After the extinction of a great service Monday that issued all its services, Facebook has published a blog post that details what happened yesterday. According to Santosh Janardhan, vice president of the company infrastructure, blackouts begin with what should be routine maintenance. At some point yesterday, a command was issued which should assess the availability of backbone networks that connect all different Facebook computing facilities. Instead, the order accidentally took the connection. Janardhan said the bug in the company’s internal audit system did not correctly prevent orders from implementation.

The problem caused secondary problems which finally made yesterday’s blackout into an international incident that it became. When the Facebook DNS server cannot connect to the company’s primary data center, they stop advertising Routing information on the Gateway Protocol (BGP) border which needs to be connected to the server.

“The end result is that our DNS server is not affordable even though they are still operational,” said Janardhan. “This makes it impossible for the entire internet to find our server.”

As we learned the partway yesterday, what made a situation that was difficult to happen was that the blackout made Facebook engineer connect to the server they needed to fix. In addition, the loss of DNS function means they cannot use many internal tools they rely on to investigate and resolve network problems under normal circumstances. That means the company must physically send personnel to the center of the data, the tasks are made by physical protection in that location.

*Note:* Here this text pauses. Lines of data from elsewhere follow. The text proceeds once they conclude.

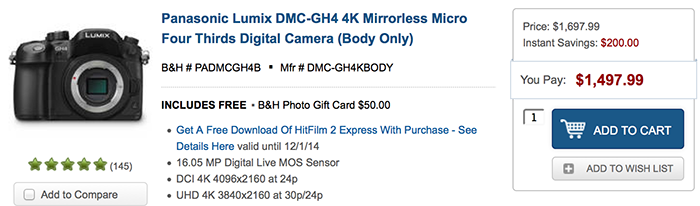 GH4 for $1,447 at BHphoto (with $50 gift card included).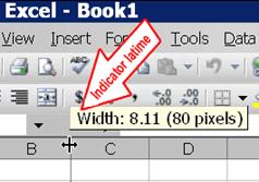 Excel, latimea coloanelor este latimea default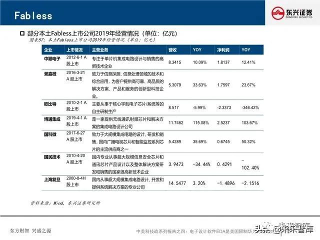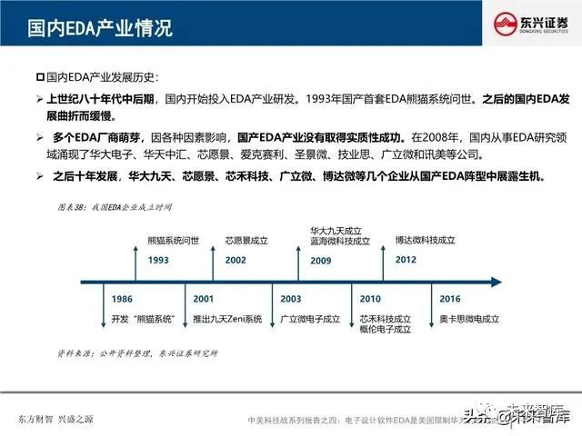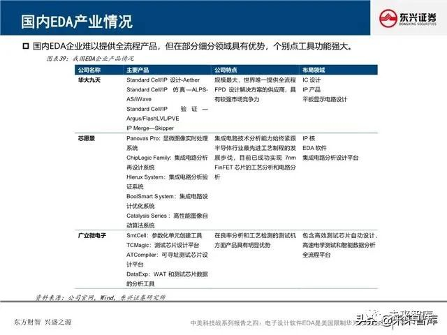 国产EDA软件工具积淀已久,本土EDA企业蓄势待发:国内EDA产业发展从上世纪八十年代中后期开始,本 土EDA企业有华大九天、芯禾科技、广立微电子、博达微科技、概伦电子、蓝海微科技、奥卡思微电等七家。这些企业虽然产品不够齐全、集成度不够高,但在点工具上取得了一定的成绩。其中,华大九天是全球唯一 的能够提供全流程FPD设计解决方案的供应商,获得了大部分知名面板厂的市场份额。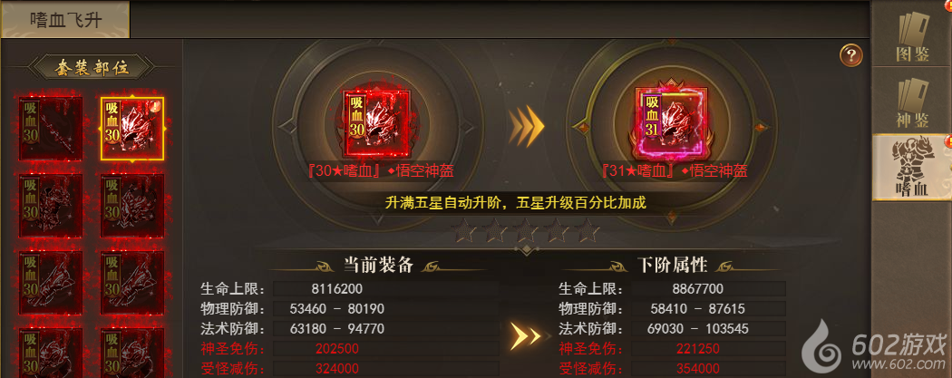 嗜血飞升为嗜血神装等阶拓展系统,每升五星自动升阶,获取大量属性!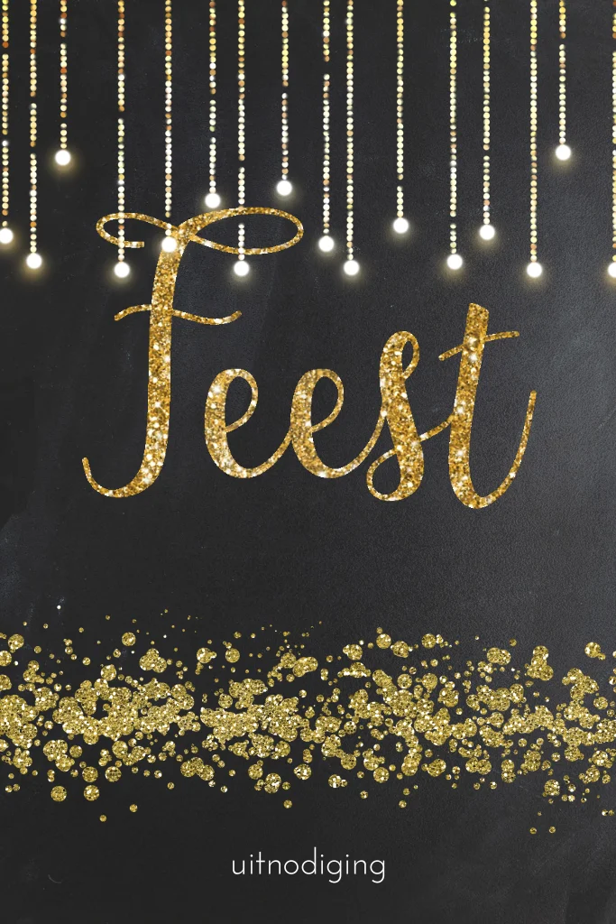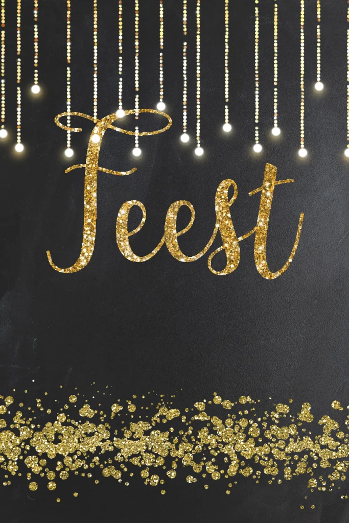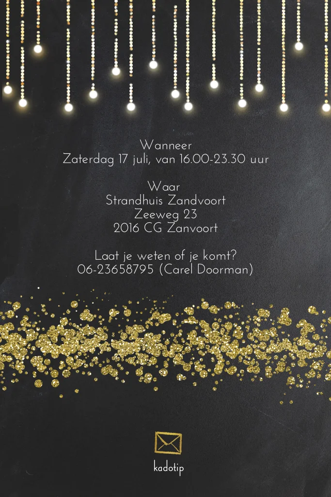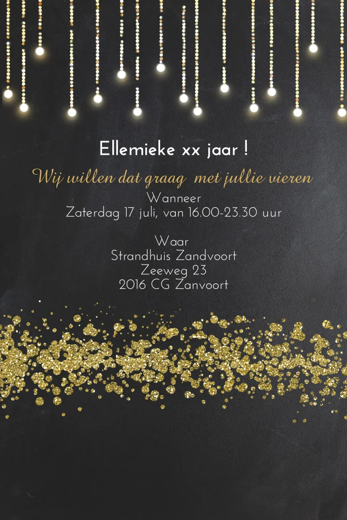 Uitnodiging voor een feest in de kleur zwart met goudkleurige glitters op krijtbord look achtegrond met feestelijke lampjes. (7137)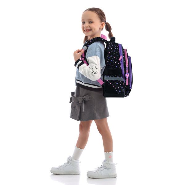 Рюкзак для початкової школи GoPack GO26-2606S-3 – стильний ортопедичний рюкзак для щасливих шкільних буднів та активного дозвілля! Він неймовірно легенький та зручний, має продуманий внутрішній простір для усіх необхідних предметів: від підручників до канцелярських дрібничок. Завдяки ортопедичній спинці Ergo Kids, він дбайливо підтримує поставу дитини, щодня даруючи відчуття комфорту. Ідеально підходить для дітей зростом 115-130 см. Рюкзак має полегшену м'яку конструкцію. Супер легенький, компактний та місткий. З ним зручно ходити до школи, на гуртки, екскурсії, прогулянки, подорожі тощо. Особливості рюкзака: Запатентована ортопедична спинка Ergo Kids з м'якими подушечками з дихаючої сіточки. Широкі та зручні S-подібні лямки, які мають анатомічну форму та дихаючу внутрішню поверхню. Нагрудний ремінь для ще кращого розподілення ваги і зручності під час носіння. Ергономічна ущільнена ручка, ручка-петля – для зручності при перенесенні та зберіганні. 2 містких відділення з внутрішніми розділювачами та органайзером, щоб усе завжди було на своєму місці. Містка фронтальна кишеня, завдяки якій всередині рюкзака буде ще більше вільного місця. 2 бічні кишені на резинці для пляшечки з водою або термоса. Посилене дно з захисним покриттям, що допомагає уникнути забруднень та пошкоджень. Світловідбивні елементи для безпеки дитини в будь-який час доби. Декор: об'ємний друк, гумовий брелок-підвіска. На що варто звернути увагу батькам: Блискавки надійно вшиті, відкриваються легко та плавно. Пулери на застібках зручно лежать у руці та не вислизають з пальців. Основний матеріал: міцний поліестер, готовий до шкільних пригод. Надійна підкладка із міцного поліестеру. Цей рюкзак — ідеальний супутник для кожного дня: стильний, продуманий до деталей і завжди готовий до нових пригод!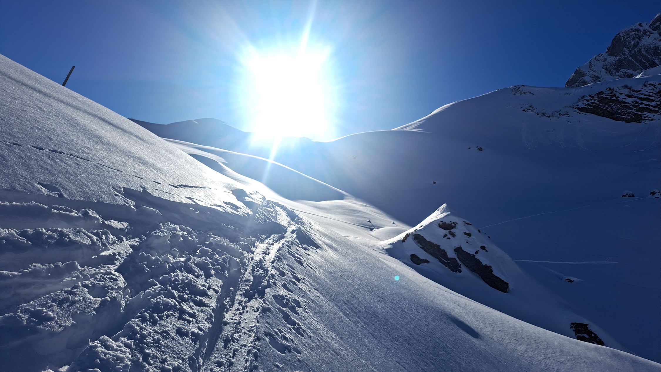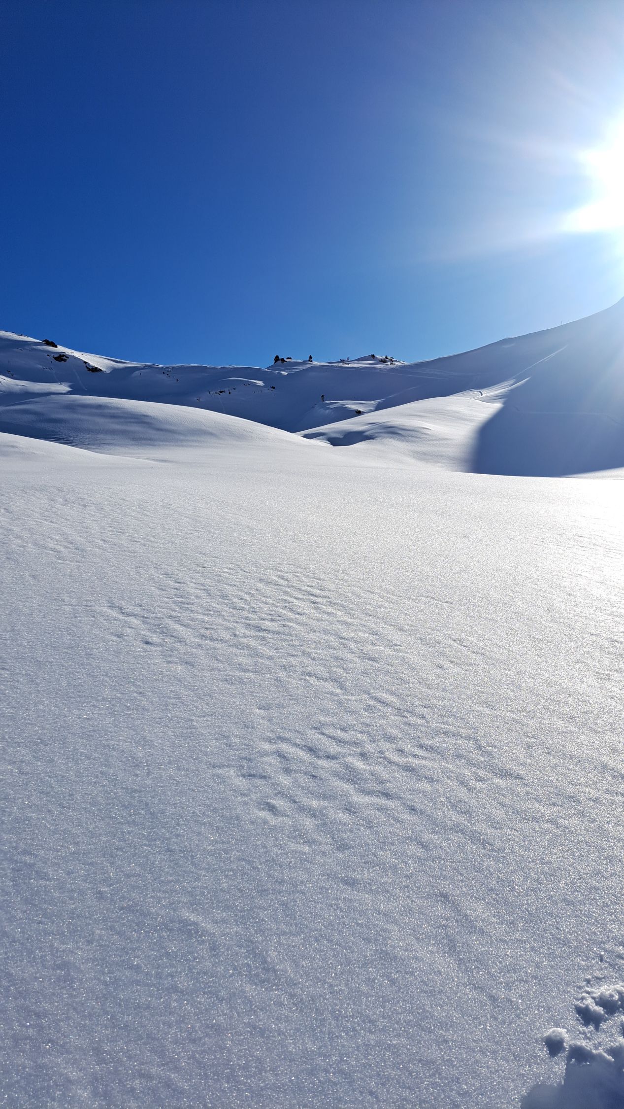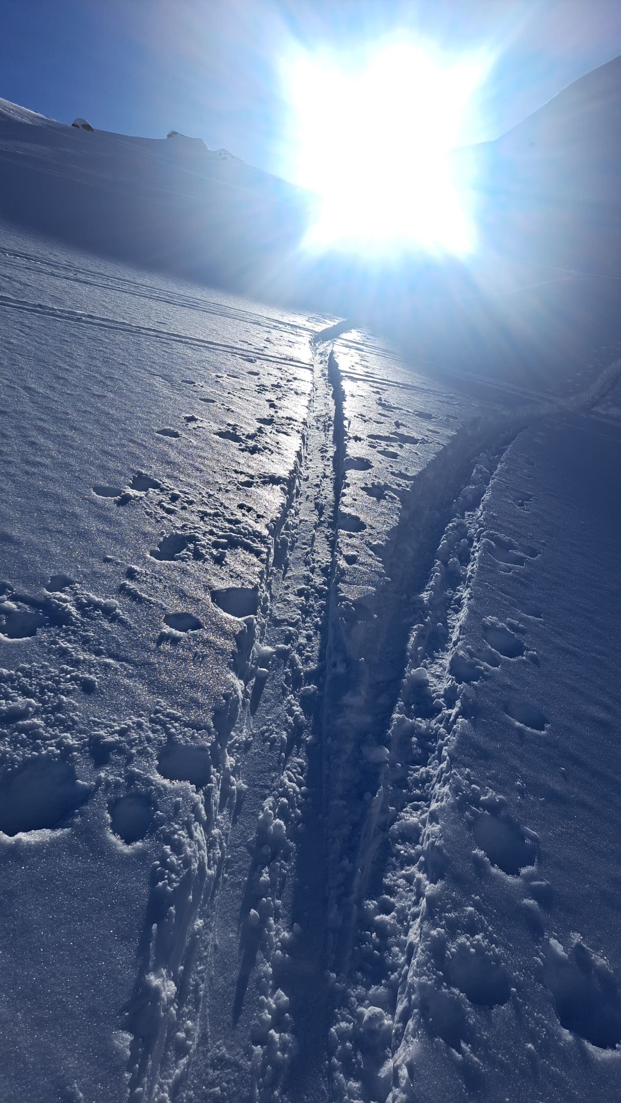 Im Aufstieg alles wunderbar gute Spur schöne Landschaft. Aber bereits im Aufstieg war klar, dass die Abfahrt grausam wird. Am Besten noch vom Gipfel Richtung Robmen, da dort die Sonne den Bruchharsch weggeschmolzen hat. Der Rest richtig krasser Bruchharsch unten dann zuwenig Schnee und viele Sharks. Kaum mehr fahrbar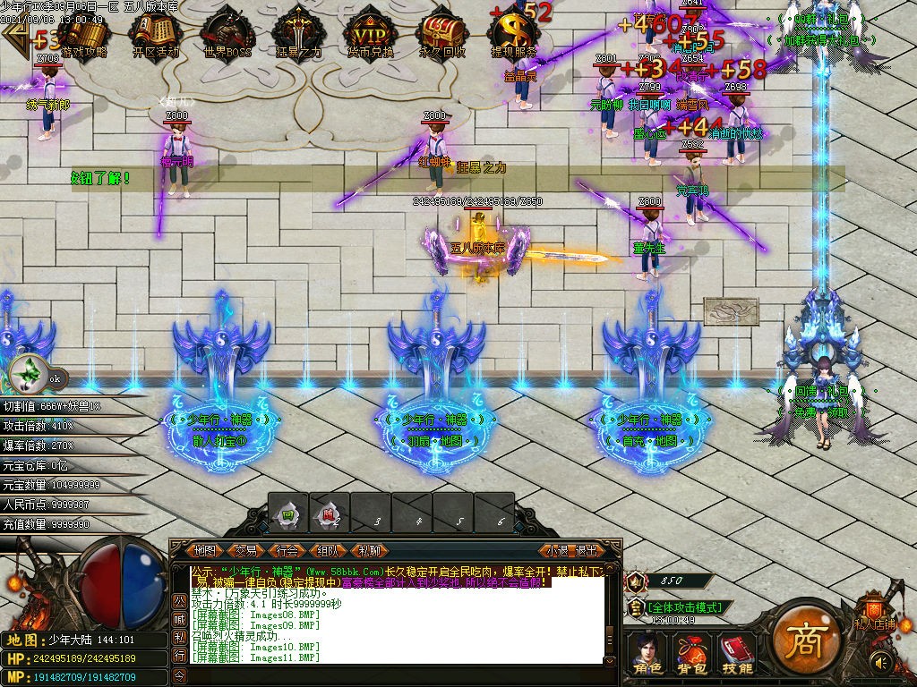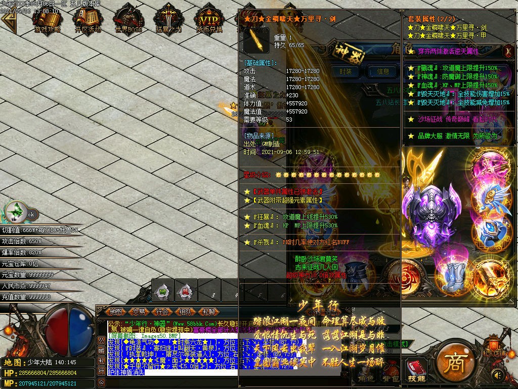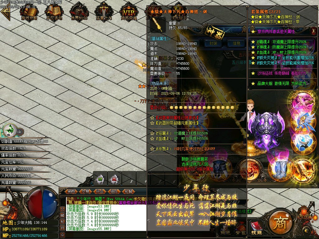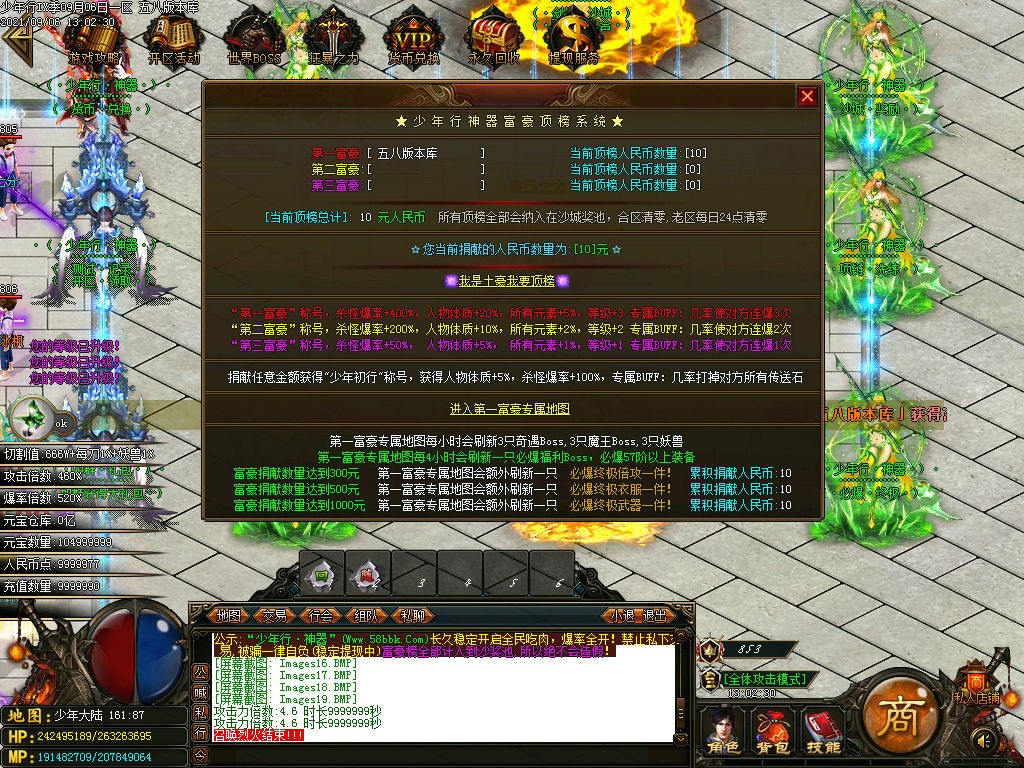 <装备介绍:本服共58套装备、5套倍攻首饰、时装15套、符文5套、特殊各18套、爆率全开新手怪都爆终极!<>

“They are difficult to enter, and once you are inside, hardware and routers are designed to be difficult to modify even when you have physical access to them,” according to Janardhan. After returning the backbone network, Facebook is careful not to rotate everything at once because it requires power and computational demands may have caused more crashes.

“Every failure like this is an opportunity to learn and get better, and there is a lot for us to learn from this one,” said Janardhan. “After every problem, small and big, we do a broad review process to understand how we can make our system more resilient. The process has already taken place.”